The California Solar & Storage Association (CALSSA) held a grim media briefing on November 30 featuring five residential solar company owners discussing the impacts of the state’s new NEM 3.0 net billing regime on their businesses. NEM 3.0 was approved by the California Public Utilities Commission (CPUC) in December 2022 and went into effect in April 2023. As a result of NEM 3.0 decreasing the amount of money homeowners can receive for feeding solar back to the grid, 22% of solar jobs have been lost, and 59% of the state’s residential solar + storage contractors expect layoffs, according to a survey of CALSSA’s 700+ members.
Solar sales in the state are down between 77% and 85% year over year, according to Ohm Analytics, which hosts a proprietary database of solar projects in the United States based on permit and interconnection data. Interconnection application data from two of the three large California utilities, PG&E and SCE, also showed volume down between 66% and 83% year over year.

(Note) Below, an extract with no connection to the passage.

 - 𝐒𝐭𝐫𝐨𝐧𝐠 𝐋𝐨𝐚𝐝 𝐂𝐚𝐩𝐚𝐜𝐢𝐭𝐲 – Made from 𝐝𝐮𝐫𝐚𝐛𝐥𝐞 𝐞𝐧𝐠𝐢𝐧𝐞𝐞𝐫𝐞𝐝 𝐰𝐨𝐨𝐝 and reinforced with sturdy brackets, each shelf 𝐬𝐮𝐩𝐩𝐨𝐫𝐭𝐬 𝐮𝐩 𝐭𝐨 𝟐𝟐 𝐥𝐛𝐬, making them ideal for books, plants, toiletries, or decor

The contractors on the call provided their own anecdotes to paint a bleak picture of the state that used to lead the nation in solar policy.

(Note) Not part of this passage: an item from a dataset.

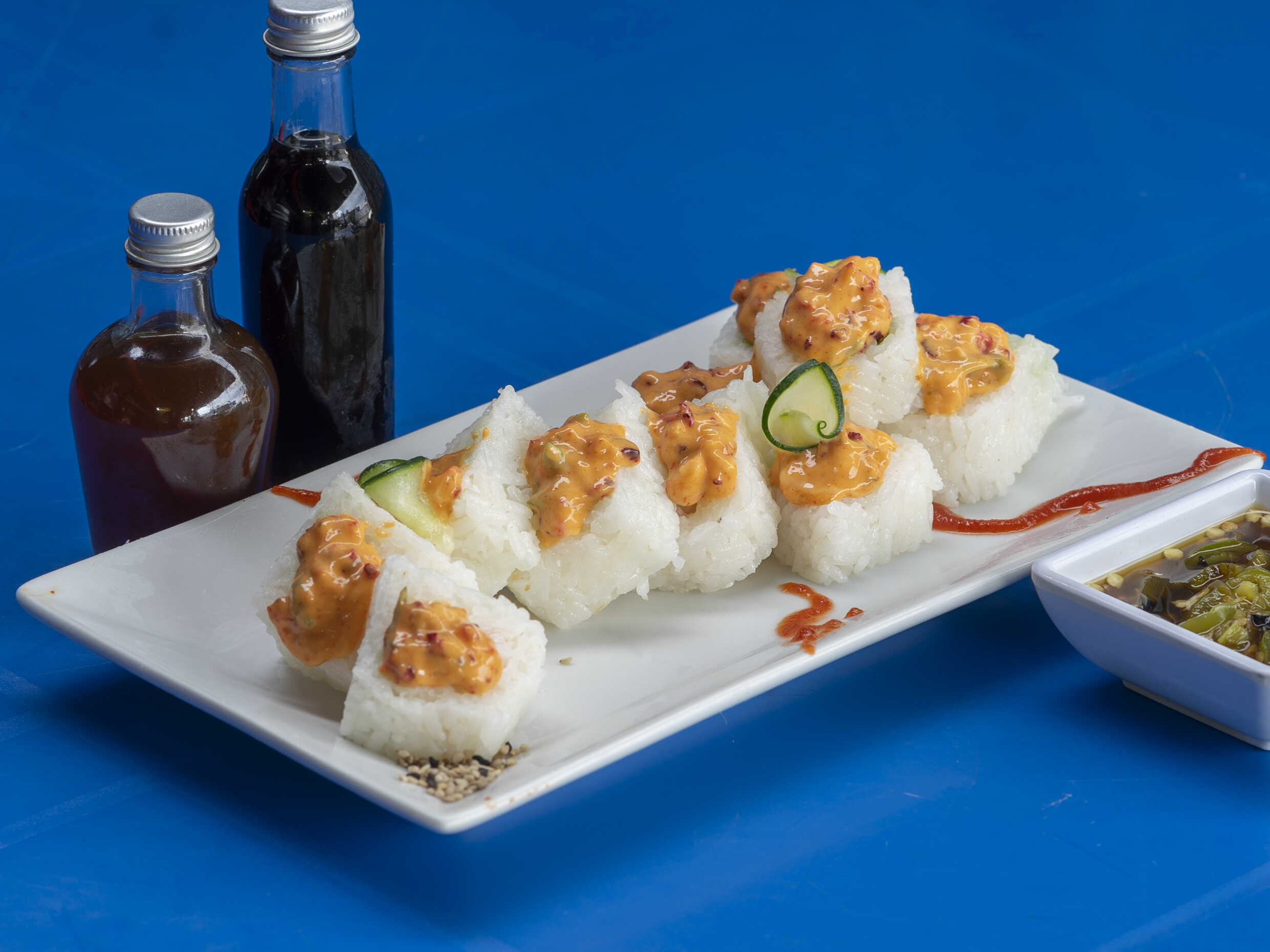 PF: camarón, pulpo topping de Tampico chipotle y aguacate PD: Alga, Salmón sellado y pepino

San Diego’s HES Solar has been in business for over 20 years and just downsized from 70 to 33 people. Fresno’s Energy Concepts has 32 years of business under its belt and just reduced its workforce from 70 to 35 people. And Arcadia’s Construct Sun has already pulled out of California altogether to focus its resources on states that still offer one-to-one net metering on the East Coast and Midwest.

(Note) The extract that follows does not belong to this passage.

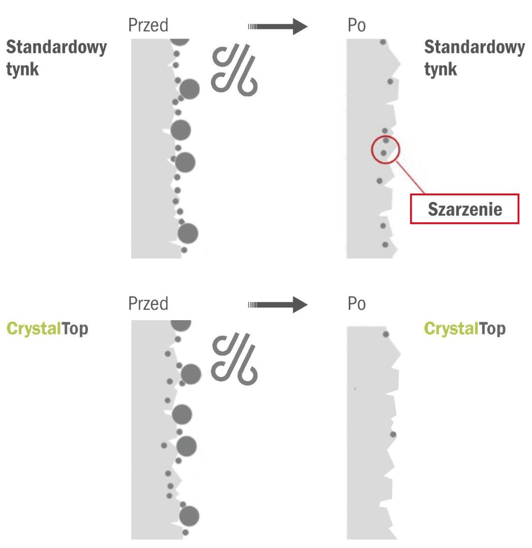Baumit CrystalTop to naturalny, gotowy do użycia tynk Premium, barwiony w masie, cienkowarstwowy, na bazie spoiwa nieorganicznego. Jest to element dwuskładnikowego systemu powłok elewacyjnych, który należy stosować wyłącznie z aktywującym gruntem Baumit CrystalActivator. Dzięki unikalnej technologii Crystal Effect, tynk tworzy trwałą, naturalną i oddychającą powierzchnię, która charakteryzuje się wyjątkową odpornością na zabrudzenia. Produkt zapewnia ochronę przed grzybami, glonami i pleśnią, co czyni go idealnym wyborem w systemach ociepleń Baumit.

“You don’t just hire somebody and then they start working for you, it takes years and years to develop skills. And we love to promote from within,” said Ross Williams, CEO of HES. “All those jobs are gone. Years and years of workforce development have just been wiped out, so it’s pretty depressing.”
Carlos Beccar, marketing director at Energy Concepts, said the hardest part of his job now is explaining NEM 3.0 to customers. The CPUC’s main argument for the plan was avoiding the duck curve of midday solar generation by encouraging more residential battery installations using complex hourly export rates. But even though some contractors on the call said they’re selling more batteries in California than before, the overall volume of work is way down.
“A lot of people talk about batteries and make it sound like it’s this simple thing — you just take a battery and plug it in. And it is so much more complicated,” Beccar said. “You have to have a system that’s big enough to charge the battery. Just because you have a battery, you can’t put a smaller [solar] system in by default. We’re selling the batteries; we love selling batteries; customers love the batteries. But the math is not there, even with a battery solution — it’s double the price; it’s not there.”
Most of the conversation focused on the residential market, but CALSSA executive director Bernadette Del Chiaro said commercial installations will feel the pain next, likely in 2024. The longer timelines for these projects have delayed the more immediate impacts felt by the residential market. But Kenneth Wells, CEO of O&M Solar, said his company is already seeing a preview of this in its commercial work.
“One of the things I focus on is doing subcontracting, and we’re not seeing as many bids for 2024 coming. We’re not seeing as many projects as we did the prior year,” Wells said.
CALSSA tried to end on a hopeful note, outlining three requests for policymakers to stave off additional harm to the industry. The group is asking for no further actions that could harm the market — including no solar taxes or fixed charges on residential customers and no limitations on licensed solar contractors installing solar + storage. It’s asking for a new “Million Solar Batteries Initiative” to make this technology affordable for homeowners, similar to the “Million Solar Homes Initiative” by the Schwarzenegger Administration. And it’s asking for the state to cut more red tape by getting firm with utilities about interconnection delays and simplifying permitting at the city and county levels.
Still, CALSSA said the harm already felt in the peak summer solar sales season is not a good sign for the traditionally slower winter ahead.
“It’s 2023. California has declared … that climate change is a crisis. We need three-times more solar energy and we need it as fast as we can,” said Del Chiaro. “We need more batteries. This should be the Golden Era. This should be the heyday. We should be hitting our stride and sprinting to the finish line. And instead we have California’s footsoldiers in the market to build our clean energy future in the most fast and accessible manner worried that they’re not even going to be able to make it through the winter.”